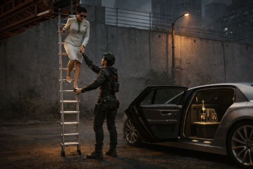 The basket hangs just over the lip of the wall. Myers is climbing down—carefully, not helplessly. She is not being carried like a damsel. That would weaken her. She is controlled, steady, pissed off, adaptive. A President stripped down to first principles: survive, descend, continue. She is dressed for the aftermath of disaster, not ceremony. Wind catches on her clothing. The wall behind her is scarred, massive, and suddenly stupid. V is below, one hand up, guiding her the last step down. Not reverent. Not flustered. Efficient. The gesture is intimate only in the sense that all true emergencies are intimate: weight transfer, balance, grip, no speeches. V is not basking. V is managing. And then—right there, absurdly, gloriously, perfectly—there is the Delamain. Waiting. Door already open. Paint immaculate. Body flawless. Glass dark and expensive. That rich, overcompetent machine-calm presence. It should look like it has no business being in this muddy, busted seam outside Dogtown, which is exactly why it’s funny. Somebody—V, or V through some favor, or V through sheer Night City black magic—has arranged a perfect extraction vehicle at the base of a geopolitical wound. This is where the image becomes lethal. Because if the viewer sees all of this at once— the wall – the boom – the President descending – V helping – the car ready – the route out already secured – then the whole natural response is: What. Exactly. Is the fucking problem.
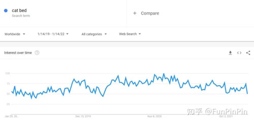 根据谷歌趋势,这些年来猫床的搜索量一直在稳步增长,只有一些小的下降。
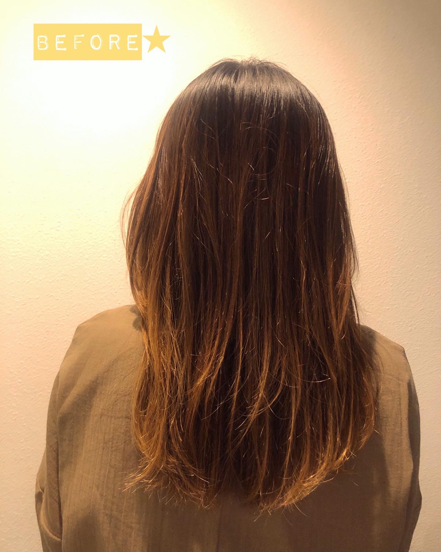 なので、まずはカットで毛先の傷んでいた部分をカットし、顔周りとトップの部分にレイヤーを入れふんわり&動きが出やすくします。
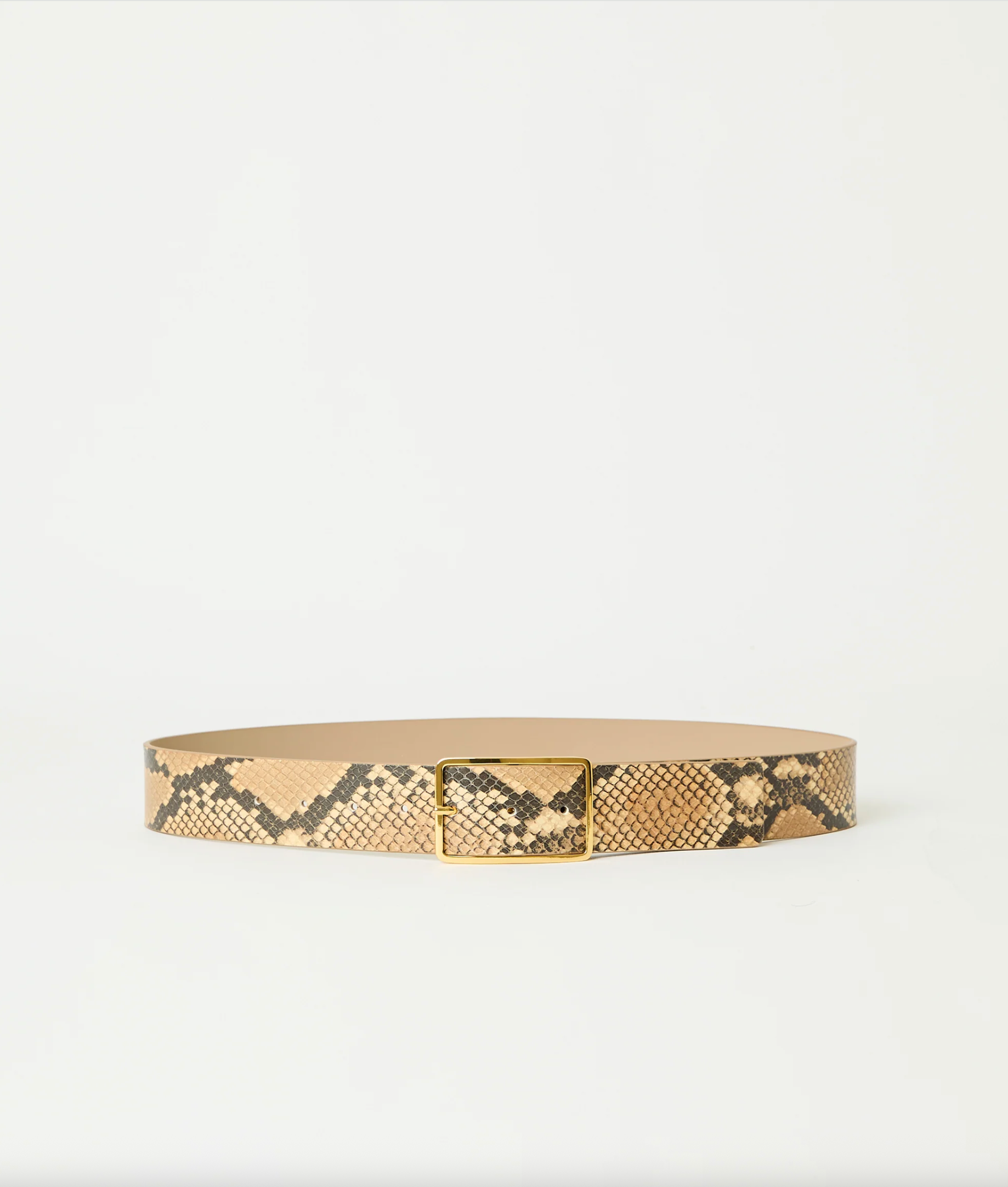 Our best-selling Milla belt in a chic python print leather. Detailed with our signature rectangular buckle in a polished gold-tone finish. Made in Italy, the Milla Python is a timeless and classic accessory.
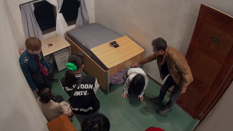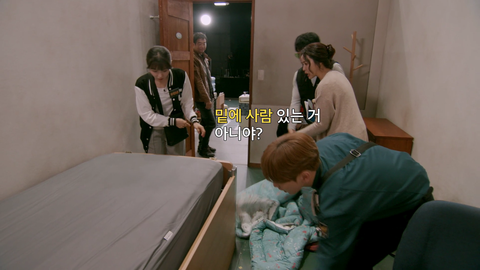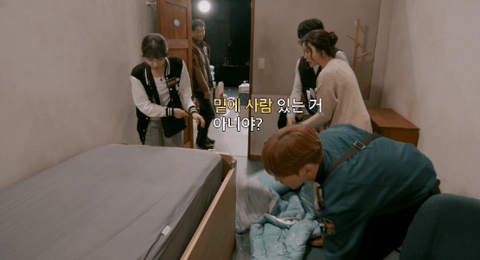 뭔가 수상하리만큼 큰 침대를 다같이 들춰보는데..
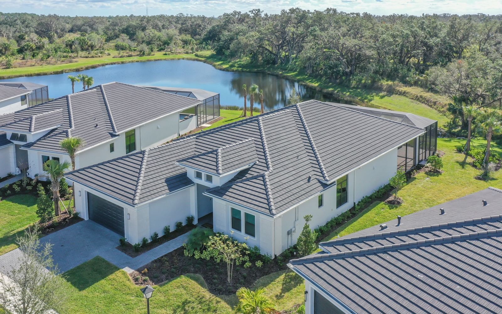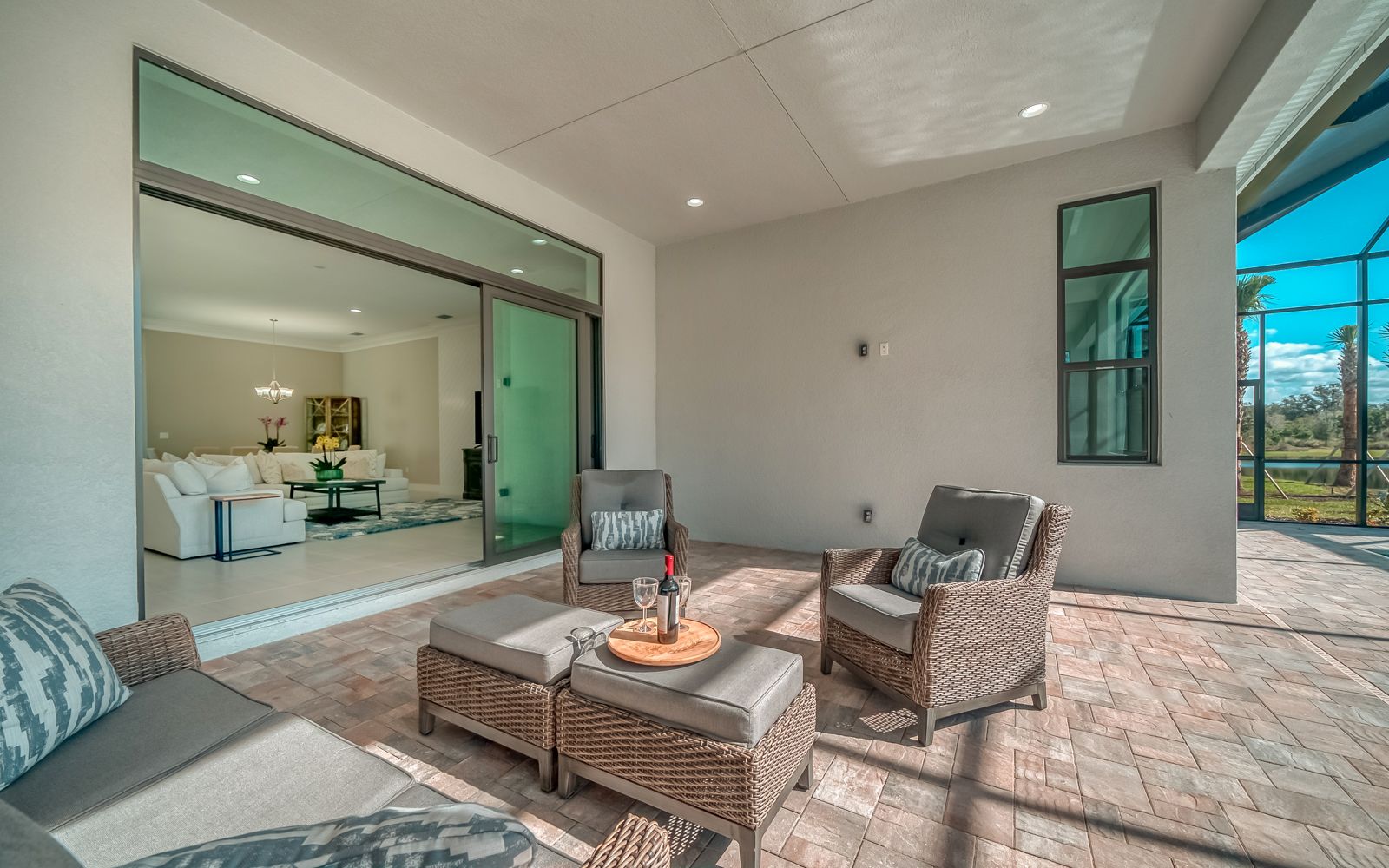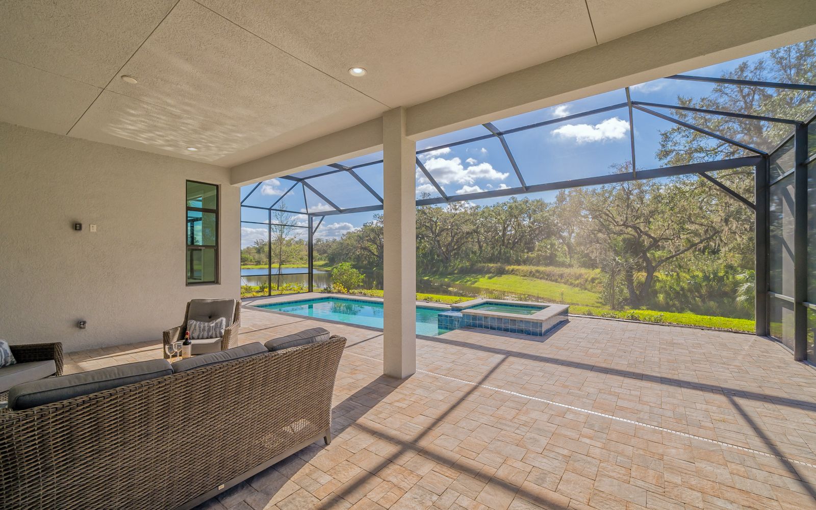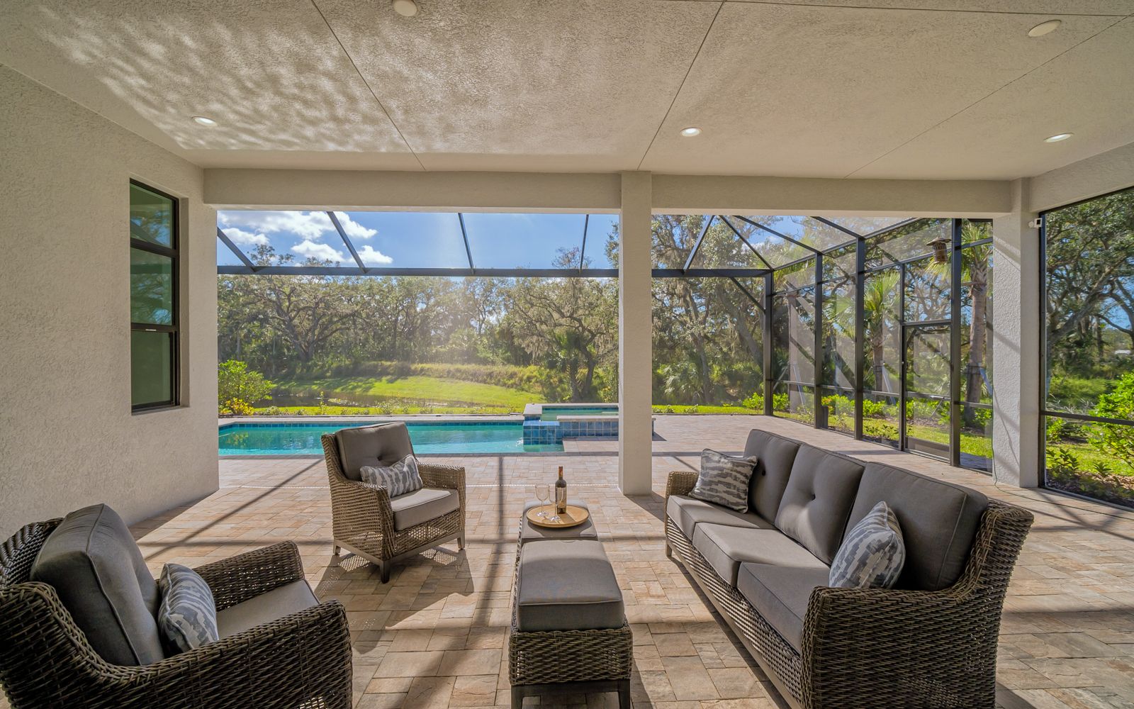 Why wait for your new home! Rarely available in Artistry Sarasota, this Van Gogh floor plan has been greatly enhanced by the owner. A true 3 bedroom / 3 full bath home that sits perfectly on an expansive lot with lake and preserve views. This residence has been constructed for your comfort with impact resistant doors and windows and a whole house water softener. The double door entry with waterfall glass opens to a generous foyer with large format porcelain tile. The adjacent den with its calm wall colors and custom-built ins is enhanced by a dry bar and beverage cooler. Open, light and bright describes the dining and great room combination. The herringbone feature wall in the great room lends a craftsman finish to the space along with the double crown molding that wraps the interior of the home. Transoms above the sliders that lead to the heated pool and spa let the sunlight in, while the clear view screen on the pool cage makes you feel open to the outdoors. A beautiful paver deck with pebble tec pool interior creates an inviting space for an afternoon swim. Inside, the kitchen offers an upgraded stainless appliance package, quartz countertops, a neutral high gloss backsplash and custom built in pantry. The primary bedroom is expansive with a large walk-in closet, lengthy bathroom quartz top vanity with two sinks, plenty of cabinetry and drawer space, linen closet and walk in shower with multiple shower heads. Artistry Sarasota residents enjoy access to a resident-exclusive clubhouse that includes a full fitness center with yoga and aerobics studio, resort-style pool, expansive poolside sun deck, community room, playground and sports courts. Outdoor amenities include covered outdoor seating areas and walking trails. A natural gas community, Artistry has no CDD fee and low monthly fees that include ground maintenance. Located in a quiet but convenient part of Sarasota, you are minutes from downtown, our beautiful beaches and all the convenience and events of Lakewood Ranch.

- Required work
In the entries above, find the line that contains "なので、まずはカットで毛先の" and the line that contains "뭔가 수상하리만큼 큰 침대를 다같이 들춰보는데..". Reproduce exactly those two lines and every line between them, but not the pictures.

- Completed task
 なので、まずはカットで毛先の傷んでいた部分をカットし、顔周りとトップの部分にレイヤーを入れふんわり&動きが出やすくします。
 Our best-selling Milla belt in a chic python print leather. Detailed with our signature rectangular buckle in a polished gold-tone finish. Made in Italy, the Milla Python is a timeless and classic accessory.
 뭔가 수상하리만큼 큰 침대를 다같이 들춰보는데..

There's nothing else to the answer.